* Collected material
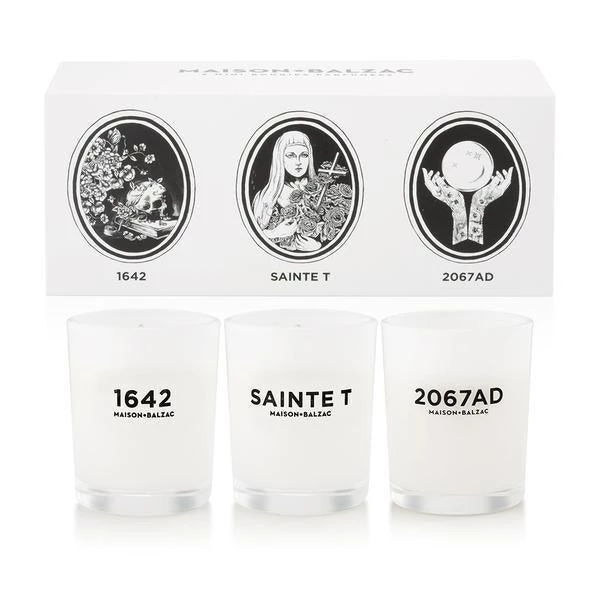 This box of three candles holds: the fragrance of a painting created in the 17th century, the perfume of the grace of Saint Thérèse of Lisieux and the phantasmic fragrance of a speculative future flower.
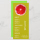 En färgrik och söt meny mall för en dryckesbar, juicebar, fruktbutik eller hälsokostbutik. Denna söta meny har en söt originalkonstillustration av Sacha Grossel med en grapefrukt skiva med citrus tema mot en lime och gul anpassningsbar bakgrund. Texten kan anpassas för att passa dina behov.
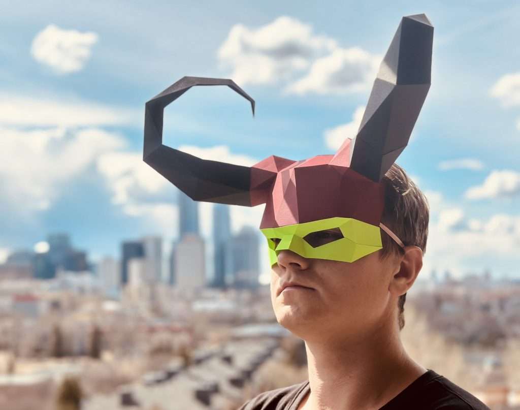 A mask with mantis-like horns, built as a compact polygonal form with a distinct silhouette.

* Exercise goal
A faithful copy is needed of the lines from the one containing "En färgrik och" through the last line of the data above, with pictures left out.

* Result for this task
 En färgrik och söt meny mall för en dryckesbar, juicebar, fruktbutik eller hälsokostbutik. Denna söta meny har en söt originalkonstillustration av Sacha Grossel med en grapefrukt skiva med citrus tema mot en lime och gul anpassningsbar bakgrund. Texten kan anpassas för att passa dina behov.
 A mask with mantis-like horns, built as a compact polygonal form with a distinct silhouette.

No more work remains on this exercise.